Posts tagged ‘Denali’

March 7, 2012

SQL Server 2012 – What’s New for Spatial?

So Microsoft launched SQL Server 2012 today, and you can download the SQL 2012 Express edition right now from http://www.microsoft.com/sqlserver/en/us/get-sql-server/try-it.aspx

No doubt there will be lots of people writing blog articles about the various new features – AlwaysOn, Column Store , Power View etc. but I thought I’d stick to what I know and write about what’s new for spatial.

In fact, I don’t really even need to do that, because there’s always a pretty good whitepaper about that from the SQLCAT website, here. This whitepaper is written for Denali CTP3 but, to my knowledge (and from my limited playing around with RTM this morning), there don’t appear to be any new features introduced between then and now.

There’s also already a very useful table here that compares the spatial features currently available in SQL Azure to those in SQL Server 2012.

SQL Server 2012 Spatial Was My Idea

So, what’s left to do? Well – I might start by mentioning the fact that I’m quite chuffed about some of the new features that have been included. Do you remember the Windows 7 advertising slogan with people saying things they did with their PC and that “Windows 7 was my idea”? Well, that’s how a little bit like how I feel about SQL 2012:

I’m not suggesting that these features were introduced solely to appease my personal whims, but don’t let it ever be said that Microsoft don’t listen to customer feedback!

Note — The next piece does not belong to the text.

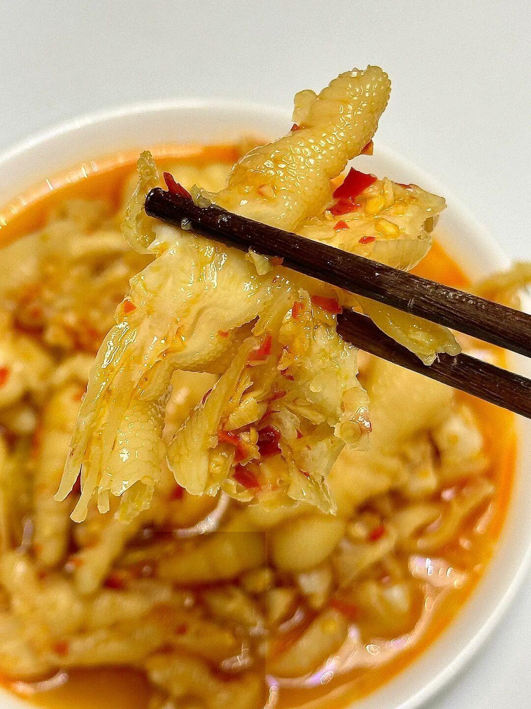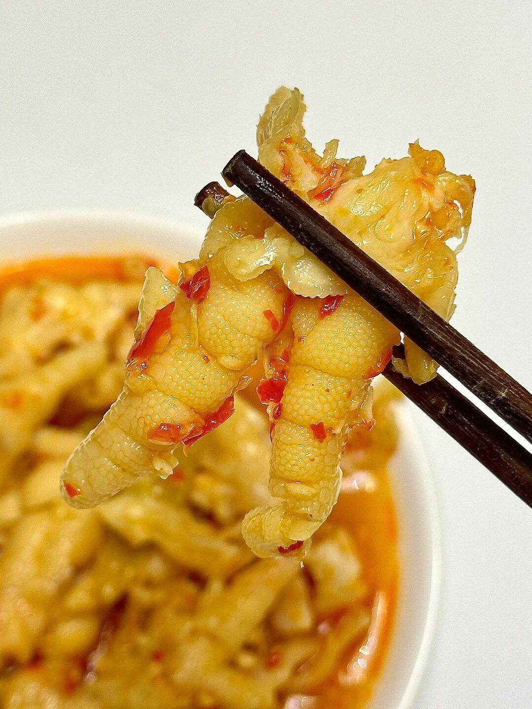谁能不爱无骨鸡爪啊!! 尊滴泰好吃泰下饭了啊!! 酸酸辣辣的没有一个骨头!! 一个这个我可以干两碗饭!! 脆爽又有嚼劲~每一只鸡爪都很肥美! 蒜香味十足!汤汁还可以拿来拌面真绝了啊!!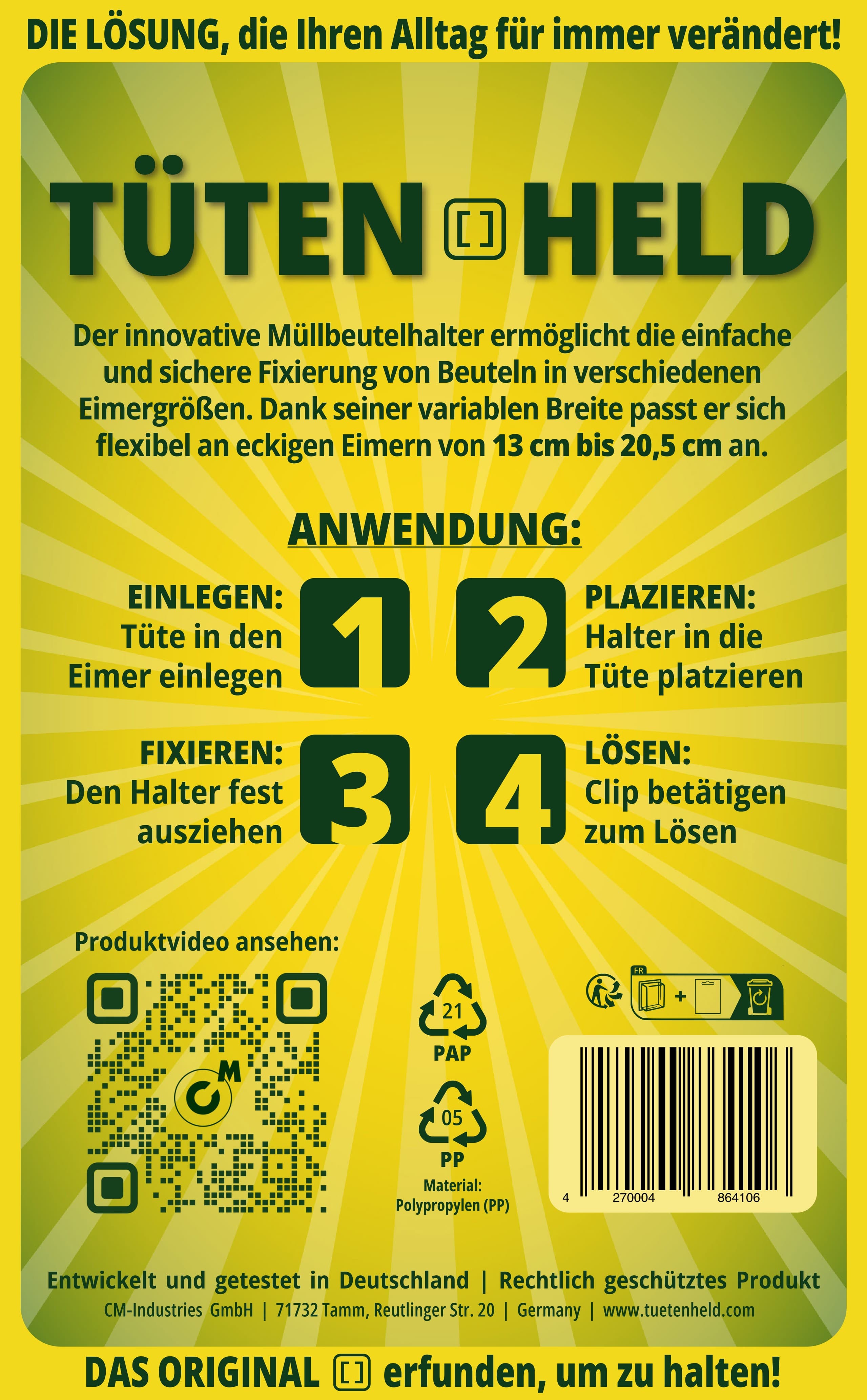 Der innovative Müllbeutelhalter ermöglicht die einfache und sichere Fixierung von Beuteln in verschiedenen Eimergrößen. Dank seiner variablen Breite passt er sich flexibel an eckigen Eimern von 13 - 20,5cm an.

Upgrading a Spatial Application from SQL Server 2008/R2?

Finally, some words of warning for anyone upgrading existing spatial databases from SQL Server 2008/R2 to SQL Server 2012:

Remember to account for Curved Geometries!

The introduction of curved geometry datatypes mean that the range of possible geometries that can be returned by existing methods is increased, and you may need to write additional code paths to deal with that. Take the STConvexHull() method, for example, which returns the convex hull around a geometry. In SQL Server 2008/R2, that method would always return a Polygon (other than in the special case in which all the input points lay on a straight line, in which case it returned a LineString). In SQL 2012, however, if any of the inputs are themselves curved geometries, the convex hull returned by STConvexHull() can be a CurvePolygon, e.g.:

DECLARE @g geometry = 'GEOMETRYCOLLECTION(CIRCULARSTRING(0 0, -5 5, 0 10), CIRCULARSTRING(10 10, 15 10, 10 0))';
SELECT
  @g.STConvexHull(),
  @g.STConvexHull().STAsText();

The result of STConvexHull() in this example is:

CURVEPOLYGON (COMPOUNDCURVE (CIRCULARSTRING (18.090169943749487 5.0000000000000213, 16.351988430497684 9.051195518771241, 12.240554713995163 10.584146142748239), (12.240554713995163 10.584146142748239, -0.23001591065449833 9.9947064659342839), CIRCULARSTRING (-0.23001591065449833 9.9947064659342839, -4.99999999999994 5.0000000000000213, -0.23001591065449833 0.00529353406575872), (-0.23001591065449833 0.00529353406575872, 12.240554713995163 -0.5841461427481951), CIRCULARSTRING (12.240554713995163 -0.5841461427481951, 16.351988430497684 0.94880448122880079, 18.090125812525294 4.9777873878621213), (18.090125812525294 4.9777873878621213, 18.090169943749487 5.0000000000000213)))

image

Calculated Results may differ due to Increased Precision

SQL Server 2012 now uses 48 bit precision for spatial calculations rather than 27 bit as under SQL Server 2008/R2. This means that results of certain spatial queries will differ between those obtained under SQL Server 2008/R2. This has been mentioned before, but it really is worth iterating because it’s both unusual and potentially application-breaking behaviour.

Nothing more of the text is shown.